The answer should hold every line of the listing, unchanged and free of images.

▶ _Information provided_
—————

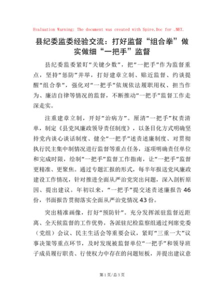 / 县纪委监委经验交流:打好监督“组合拳” 做实做细“一把手”监督
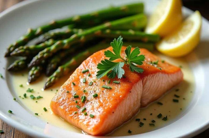 Swap asparagus with green beans, broccoli, or roasted Brussels sprouts. Add capers to the lemon garlic butter for a tangy twist. For a spicy version, sprinkle red pepper flakes on the salmon before baking. Drizzle a little honey over the butter sauce for a sweet and savory variation. You can also bake the salmon and asparagus together entirely in the oven with the garlic-lemon butter brushed on top for a hands-off version.
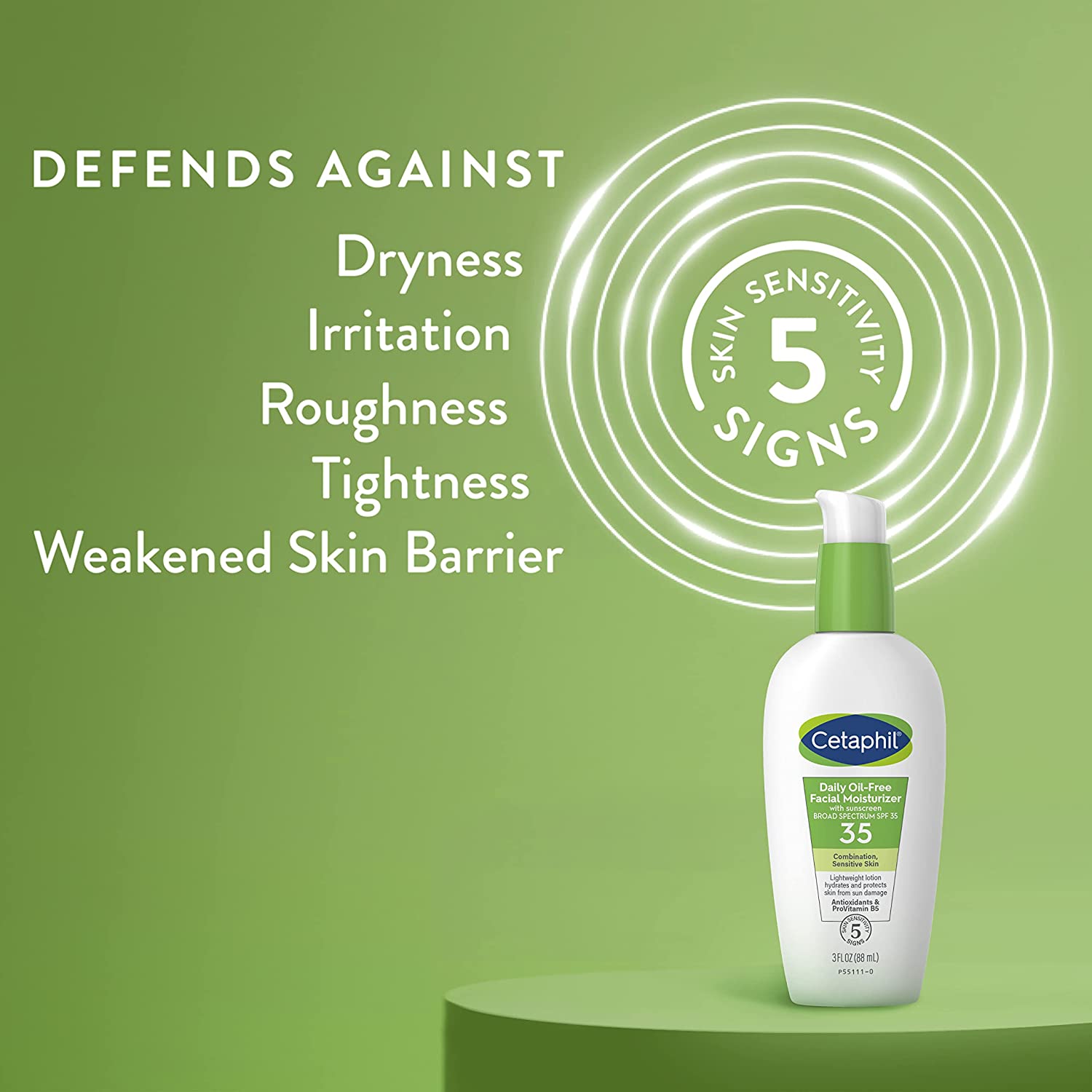 - Cetaphil Daily Facial Moisturizer SPF 35: Three-in-one facial moisturizer hydrates, nourishes and protects sensitive, combination skin

—————

▶ _Written solution_
 / 县纪委监委经验交流:打好监督“组合拳” 做实做细“一把手”监督
 Swap asparagus with green beans, broccoli, or roasted Brussels sprouts. Add capers to the lemon garlic butter for a tangy twist. For a spicy version, sprinkle red pepper flakes on the salmon before baking. Drizzle a little honey over the butter sauce for a sweet and savory variation. You can also bake the salmon and asparagus together entirely in the oven with the garlic-lemon butter brushed on top for a hands-off version.
 - Cetaphil Daily Facial Moisturizer SPF 35: Three-in-one facial moisturizer hydrates, nourishes and protects sensitive, combination skin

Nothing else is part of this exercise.